The development of ARF occurs approximately two weeks after S. pyogenes infection (Gewitz, et al., 2015). The clinical manifestations and symptoms of ARF can be severe and are described in the Revised Jones Criteria (Gewitz, et al., 2015). Symptoms of ARF can include polyarthritis, carditis, chorea, the appearance of subcutaneous nodules, and erythema marginatum or a rash associated with ARF (Gewitz, et al., 2015; Martin, et al., 2015). These symptoms usually require patients to be hospitalized for two to three weeks, during which time the outward symptoms resolve, but the resultant cardiac damage may persist. With repeated S. pyogenes pharyngitis infections, ARF can recur and cause cumulative damage to the heart valves (Martin, et al., 2015).

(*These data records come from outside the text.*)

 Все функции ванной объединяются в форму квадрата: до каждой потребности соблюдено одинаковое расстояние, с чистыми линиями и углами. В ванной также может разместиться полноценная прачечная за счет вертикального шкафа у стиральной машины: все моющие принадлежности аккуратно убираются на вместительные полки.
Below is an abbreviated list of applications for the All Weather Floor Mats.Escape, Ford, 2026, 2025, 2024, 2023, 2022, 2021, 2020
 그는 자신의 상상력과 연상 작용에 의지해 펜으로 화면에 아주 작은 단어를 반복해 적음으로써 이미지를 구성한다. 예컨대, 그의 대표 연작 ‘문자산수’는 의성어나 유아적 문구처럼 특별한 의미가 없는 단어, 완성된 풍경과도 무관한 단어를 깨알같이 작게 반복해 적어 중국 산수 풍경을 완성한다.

This chapter will briefly cover the epidemiology and pathophysiology of ARF and RHD, and will also outline the clinical manifestations, diagnostic considerations, and recommended treatment and management options for both conditions. Finally this chapter will also highlight prevention strategies for ARF and RHD and will discuss current vaccination efforts against S. pyogenes.

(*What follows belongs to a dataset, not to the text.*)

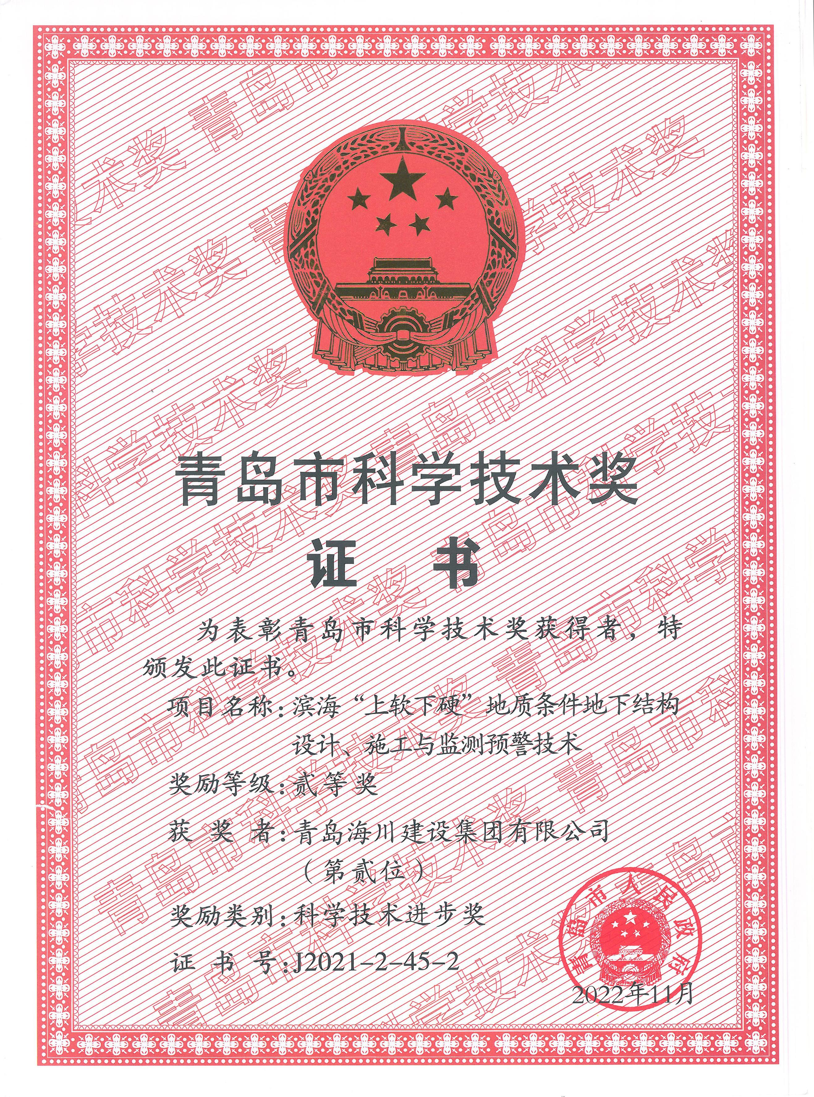 海川集團榮獲青島市科學(xué)技術(shù)獎2023-03-06近日,集團公司領(lǐng)回了“青島市科學(xué)技術(shù)獎”榮譽證書。經(jīng)青島市市科學(xué)技術(shù)獎勵評審委員會評審、青島市市科學(xué)技術(shù)獎勵委員會核定,市政府決定,由青島理工大學(xué)與青島海川建設(shè)集團有限公司聯(lián)合申報的《濱海“上軟下硬”地質(zhì)條件地下結(jié)構(gòu)設(shè)計、施工與監(jiān)測預(yù)警技術(shù)》獲得科學(xué)技術(shù)進(jìn)步獎二等獎。課... -

Epidemiology of ARF and RHD
Burden of Disease
The global burden of ARF and RHD is significant, and is predominantly found in populations living in low-resource settings (Carapetis, Steer, Mulholland, & Weber, 2005). Incidence rates of ARF are poorly documented in most low- and middle-income countries, including in populations with a high prevalence of RHD, where it is presumed that a high incidence of ARF also occurs. This relates both to the lack of infrastructure for disease surveillance in those settings, but also to a paucity of ARF cases that are presented for clinical care. It is not known if the latter issue is a result of health-seeking behavior (people with ARF who choose not to seek health care), or due to inadequate diagnosis of ARF by health staff. The latter may in turn be due to true misdiagnosis as a result of problems with training, a lack of access to diagnostic facilities (such as electrocardiography, streptococcal serology, acute phase reactant testing, and echocardiography); or possibly because many cases of ARF may be milder, or even sub-clinical, in highly endemic settings (Bishop, Currie, Carapetis, & Kilburn, 1996).

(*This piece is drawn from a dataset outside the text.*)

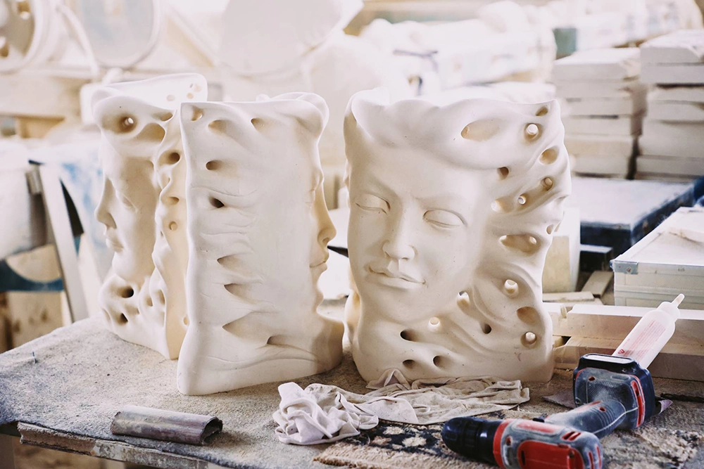 Per sottrazione della materia, le forme definiscono il contenitore, attraverso una lavorazione della pietra con macchine a controllo numerico.

ARF incidence rates have been reported to be as high as 155 per 100,000 children aged 5 to 14 years in indigenous populations in North Queensland, Australia (Gray, Brown, & Thomson, 2012) with rates in the Northern Territory reported at 380.1 per 100,000 children in 2002 (Parnaby & Carapetis, 2010). In New Zealand, ARF affects mainly children and teens aged 4–19 years who are predominantly of Māori and Pasifika descent and are living in low socioeconomic regions of the North Island (Jack, et al., 2015). Between 1993 and 2009, the average incidence rates for ARF based on hospitalization data for children 5–14 years were 81.2 per 100,000 for Pasifika children, as compared with 40.2 per 100,000 for Māori children and 2.1 per 100,000 for non-Māori, non-Pasifika children (Milne, Lennon, Stewart, Vander Hoorn, & Scuffham, 2012a).